European Hereditary Tumour Group (EHTG) and European Society of
Coloproctology (ESCP) developed a multidisciplinary working group consisting of
surgeons, clinical and molecular geneticists, pathologists, epidemiologists,
gastroenterologists, and patient representation to conduct a graded evidence review. The previous ‘Mallorca guideline’ format was used to revise the clinical guidance. Consensus for the guidance statements were acquired by three Delphi voting rounds.
Recommendations for clinical and molecular identification of LS, surgical and
endoscopic management of LS-associated colorectal cancer and preventive
measures for cancer were produced.

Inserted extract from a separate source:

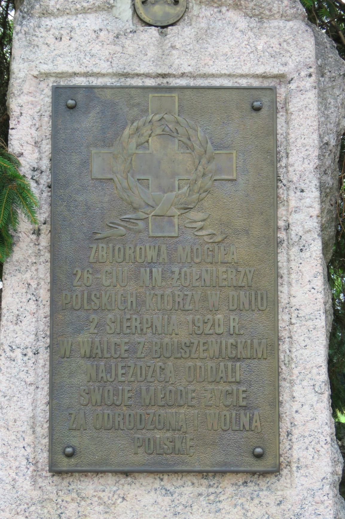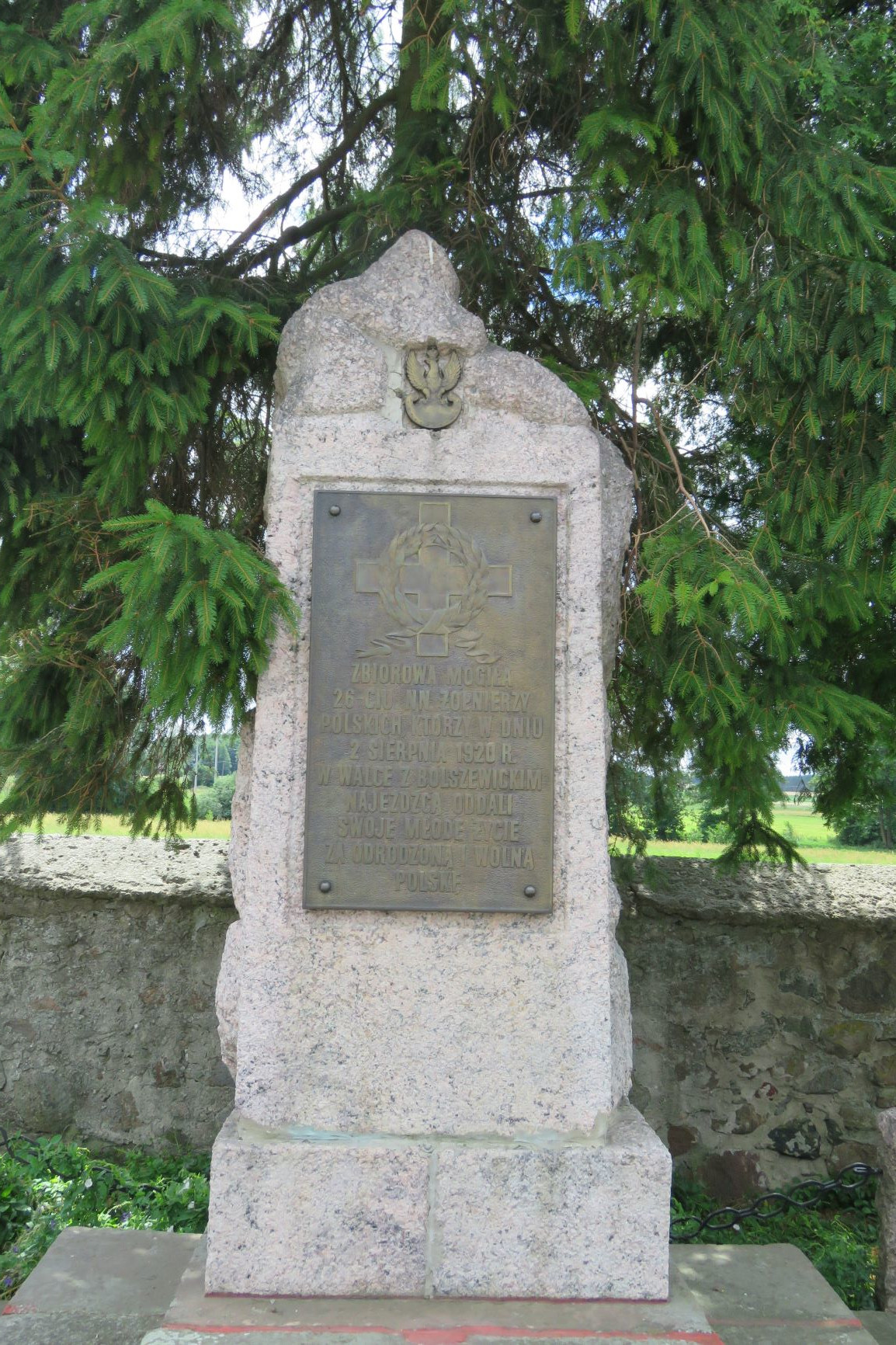 W południowej części nekropolii, przy murze cmentarnym pochowani zostali żołnierze polscy polegli podczas wojny polsko-bolszewickiej. W dokumentach parafialnych zachowały się informacje o pogrzebie nieznanej liczby niezidentyfikowanych żołnierzy zabitych przez Kozaków 2 sierpnia 1920 r. W pochówku miał pomagać kościelny i zarazem grabarz Antoni Gwara . Grób został wówczas otoczony kamiennym obramowaniem. Miejsce wybrano nieprzypadkowo, gdyż obok znajdowała się już mogiła powstańców 1863 r. W późniejszym okresie pochowano tutaj również żołnierzy 3. Pułku Strzelców Konnych poległych 9 września 1939 r. pod wsią Truszki. W 1990 r. mogile żołnierzy z wojny polsko-bolszewickiej nadano nowy wystrój. Autorem projektu przebudowy był Jan Moczydłowski, zaś wykonawcą tablicy pamiątkowej rzeźbiarz Wojciech Jarocki z Łap. Głównym elementem jest smukły, granitowy obelisk na którego froncie umieszczono mosiężną tablicę z inskrypcją: ZBIOROWA MOGIŁA / 26-CIU NN ŻOŁNIERZY / POLSKICH, KTÓRZY W DNIU / 2 SIERPNIA 1920 R. / W WALCE Z BOLSZEWICKIM / NAJEŹDŹCĄ ODDALI / SWOJE MŁODE ŻYCIE / ZA ODRODZONĄ I WOLNĄ / POLSKĘ Lista strat Wojska Polskiego z lat 1918-1920 wymienia pięciu żołnierzy poległych w Śniadowie: Franciszek Bronowski, szeregowy 33. Pułku Piechoty, poległ 3 VIII 1920 r. Jan Kornecki, szeregowy 61. Pułku Piechoty, poległ 22 VIII 1920 r. Feliks Kuśmirek, starszy szeregowy 101. Pułku Piechoty, poległ 2 VIII 1920 r. Jan Nanartowicz, strzelec Lidzkiego Pułku Strzelców, poległ 1 VIII 1920 r. […] Żewiecki, szeregowy 64. Pułku Piechoty, poległ 2 VIII 1920 r. Nie wiadomo, czy spoczywają oni w mogile zbiorowej jako niezidentyfikowani polegli, czy też zostali pochowani w innym miejscu. Źródło: Małgorzata Karczewska, Maciej Karczewski, Miejsca pamięci czynu niepodległościowego na północno-wschodnim Mazowszu, Białystok 2019, tam wcześniejsza literatura. Fot. © Małgorzata Karczewska

The emphasis was on surgical and
gastroenterological aspects of the cancer spectrum. Manchester consensus
guidelines for gynaecological management were endorsed. Executive and layperson summaries were provided.
The recommendations from the EHTG and ESCP for identification of LS patients,
colorectal surveillance, surgical management of colorectal cancer, lifestyle and
chemoprevention in LS that reached a consensus (>80%) are presented.